The network interface is tied to a single session. This is a simple network interface that allocates two consecutive UDP ports for RTP and RTCP. The useful properties of the Network class are src and dest, which are the host-port tuple representing the source and destination addresses. These addresses define the session, as they are the receiving transport addresses for the session. By default it uses some random consecutive port number within the specified range as mentioned below.

The default behavior is to use the RTCP port number as one more than the RTP port number. However, certain applications such as SIP-based telephony between users behind network address translators may change the port numbers to some arbitrary port numbers. Thus to facilitate this, we define two additional properties, srcRTCP and destRTCP, which explicitly allow setting the RTCP ports different from the default. Once the object is created, the src and dest properties cannot be changed.

The constructor can take several optional named arguments that control the behavior. The argument src is the host-port tuple for listening address. The host part should be set to “0.0.0.0” indicating any local interface. If the port is specified in this tuple then it is used for RTP listening port. If the argument is missing or the port is 0, then it allocates any even port in a pre-defined range of port numbers. The srcRTCP property can also be specified as a host-port tuple indicating a different port number than the default value of one more than the RTP port number. The dest and destRTCP optional arguments are used to specify the destination address to send RTP and RTCP packets to. The argument supplied in the sendRTP or sendRTCP method overrides the property supplied in the constructor for individual sending.

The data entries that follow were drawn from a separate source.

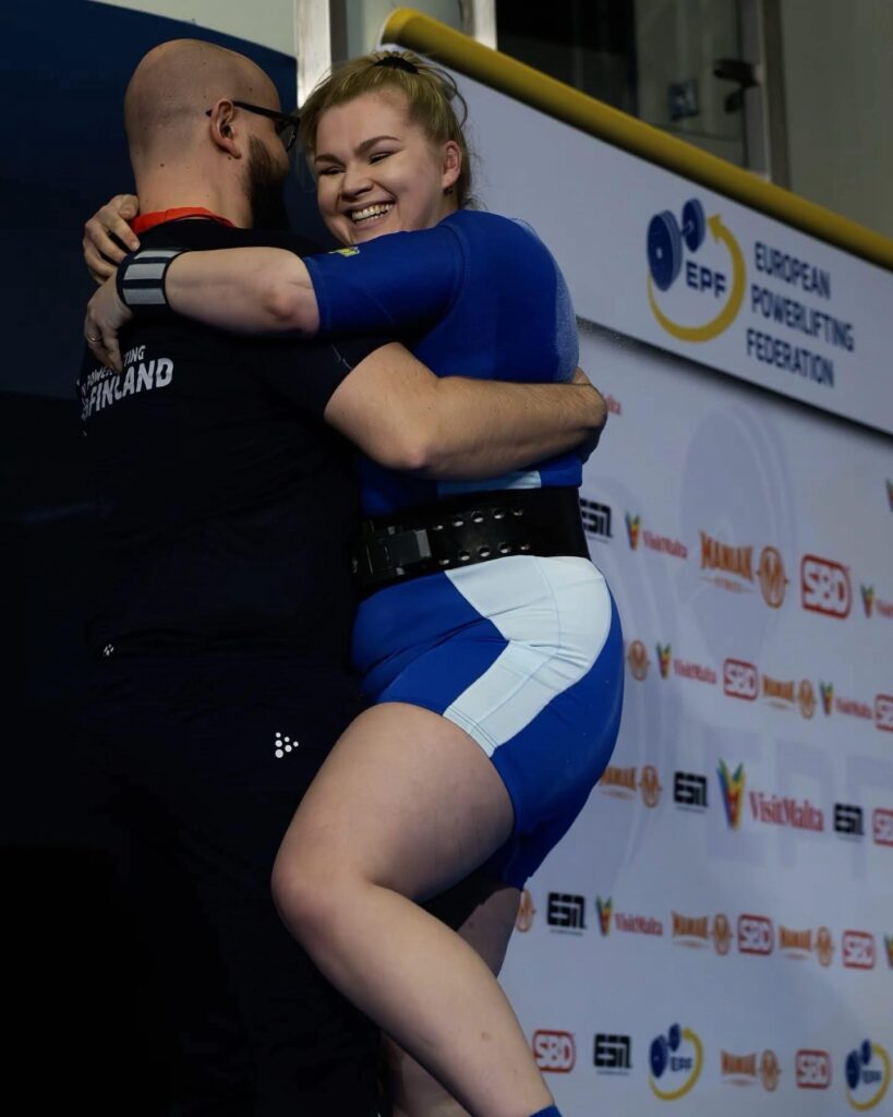 Kuva (EPF): Emilia Haataja juhli viime kevään EM-kisoissa onnistuneen penkkisuorituksen jälkeen, huoltajana Ville Niskanen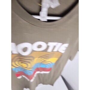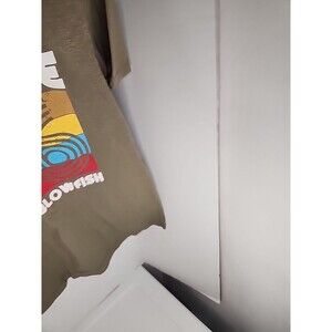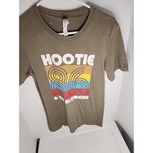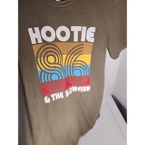 This brown t-shirt with a graphic print featuring the logo of Hootie and the Blowfish is a vintage piece that will surely make a statement. With a crew neck and short sleeves, this shirt is perfect for all seasons and can be easily maintained with its machine washable fabric. It is made of a cotton blend material that stretches for a comfortable fit, making it a great addition to any casual outfit. This shirt is perfect for men who love bands and the 90s theme. It is available in size small and is a regular fit.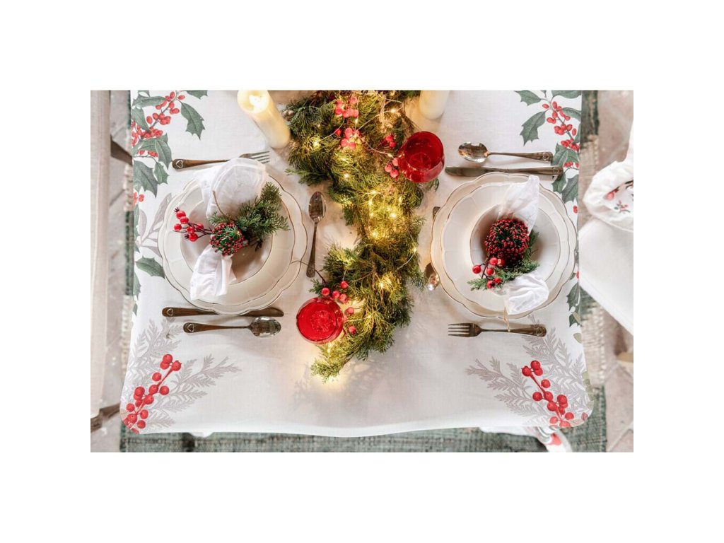 Vianočný bavlnený obrus z kolekcie Sinfonia Natalizia od toskánskeho výrobcu Blanc Mariclò.

The maxsize property controls the maximum packet size that can be sent on this network object. The app property refers to the application instance on which receivedRTP and receivedRTCP callbacks are invoked when some data is available on RTP and RTCP sockets, respectively.

If the src is not specified then it picks a random consecutive port number pair in the range 10000-65535, such that the RTP port is an even number and the RTCP port is the next odd number. The default range can be changed using the low and high named arguments. The condition that the RTP port should be an even number can also be relaxed by setting the even named argument to False. The number of retries for allocating the port pair defaults to 20. This can be set using the retry named argument.

class Network(object):

    def __init__(self, app, **kwargs):

        self.app    = app

        self.src    = kwargs.get('src', ('0.0.0.0', 0))

        self.dest   = kwargs.get('dest', None)

        self.srcRTCP= kwargs.get('srcRTCP', (self.src[0], self.src[1] and self.src[1]+1 or 0))

        self.destRTCP=kwargs.get('destRTCP', None)

        self.maxsize = kwargs.get('maxsize', 1500)

The most important step in constructing the Network object is to allocate the two UDP ports and associated bound sockets listening on those ports. If the src argument has a valid port number, then it is used for binding the two sockets. The second socket’s port is one more than what is specified in src.

        if self.src[1] != 0:  # specified port

            try:

                s1 = socket.socket(type=socket.SOCK_DGRAM)

                s2 = socket.socket(type=socket.SOCK_DGRAM)

                s1.bind(self.src)

                s2.bind((self.srcRTCP)

            except:

                s1.close(); s2.close();

                s1 = s2 = None

If no valid port is supplied in the src argument, then it tries to allocate two random consecutive ports in the range 10000-65535. The range, the number of retries, and whether to care for even number for RTP port – these parameters can be controlled by the named arguments supplied in the constructor.

        else:

            retry = kwargs.get('retry', 20)   # number of retries to do

            low   = kwargs.get('low', 10000)  # the range low-high for picking port number

            high  = kwargs.get('high', 65535)

            even  = kwargs.get('even', True)  # means by default use even port for RTP

            while retry>0:

                s1 = socket.socket(type=socket.SOCK_DGRAM)

                s2 = socket.socket(type=socket.SOCK_DGRAM)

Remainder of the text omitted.